Moreover, if humans are so naturally good then how could society (a sum of humans in Rousseau’s theory) be so corrupting and bad? Rousseau’s assertion that throughout the course of human history, development has ‘improved human understanding, while at the same time depraving the species, and making man wicked by making him sociable’ is unfounded because it does not take into account the positive aspects of co-operation within a society. These aspects are identified by Hobbes, who bemoans the absence of industry, farming, navigation, building, knowledge and arts in the ‘State of Nature’ because nobody can trust anyone else . This is much more logical than Rousseau’s theory that society has a bad influence by installing the notions of virtue and vice into the human mind, which eventually corrupts all and enslaves them within society.
Rousseau has been accused of ‘armchair anthropology’, as there is little evidence to support his ‘State of Nature’, and even doubt about the reasoning through which he arrives at such a peaceful conclusion. If Rousseau’s ‘natural man’ is compared to an animal, because ‘he’ exhibits no language, understanding of ‘himself’ or beliefs, then it would be expected that animals would be living together peacefully as they have not been subjected to the ‘corruption of society’. However evidence would show that the opposite is true, and that in a ‘State of Nature’ animals are very territorial and very aggressive towards each other – a situation resembling Hobbes’ theory far more than that of Rousseau. It is therefore incredibly naïve to expect that ‘natural men’ would live peacefully with each other and far more likely that they would be concerned with self-preservation and taking advantage of others to benefit themselves.
Although both theories definitely have their flaws, Hobbes being very cynical in his view of human nature and Rousseau being very naïve, it is obvious that Rousseau has created an idealistic ‘State of Nature’ which is not only impractical in its creation, but also clearly unfounded in its belief that humans are naturally peaceful beings, and it is society which corrupts them. Hobbes’ rather violent and potentially cynical ‘State of Nature’ and his analysis of human nature as a whole is therefore much more realistic.
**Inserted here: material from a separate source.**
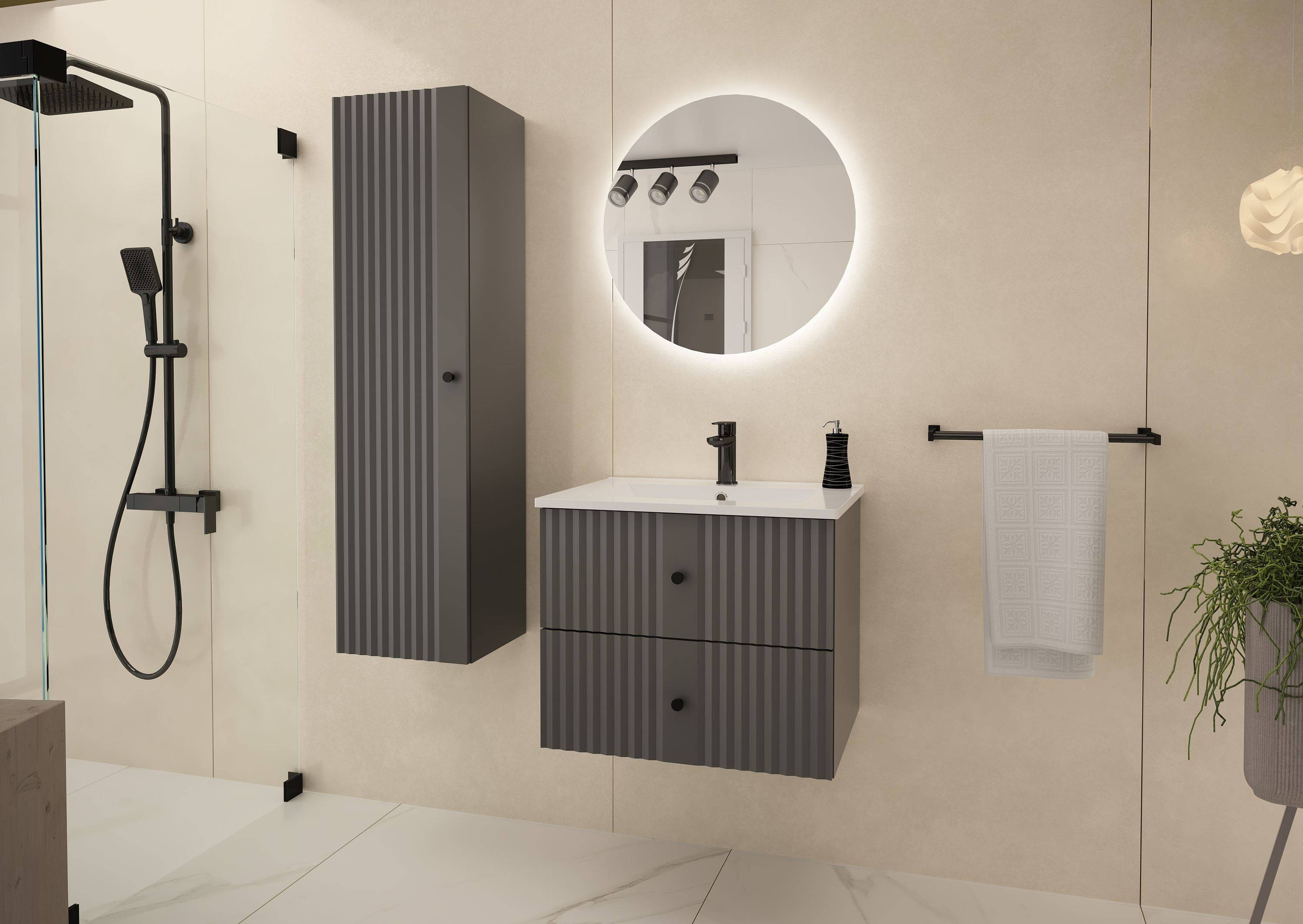 Stylowa szafka z umywalką XILO-02 w nowoczesnym szarym macie. Wykonana z płyty MDF i laminowanej, zapewnia trwałość. Metalowe czarne uchwyty i cichy domyk zwiększają komfort. Umywalka z białej ceramiki sanitarnej.

The violent nature of his theory is more evident in the examples of ‘natural states’ we see today, whether they are in the animal kingdom or in turbulent international relations.
Barash, David. Ideas of Human Nature: from the Bhagavad Gita to Sociobiology, Prentice Hall, New Jersey, 1998.
Hobbes, Thomas. Leviathan: introduction by A. D. Lindsay, J. M. Dent, London, 1934.
Manicas, Peter T. The Death of the State, Capricorn Books, New York, 1974.
Rousseau, Jean-Jacques. A Discourse on the Origins of Inequality: with introduction and notes by Maurice Cranston, Penguin Books, Harmondsworth, 1984.
Trigg, Roger. Ideas of Human Nature, Blackwell, Oxford, 1988.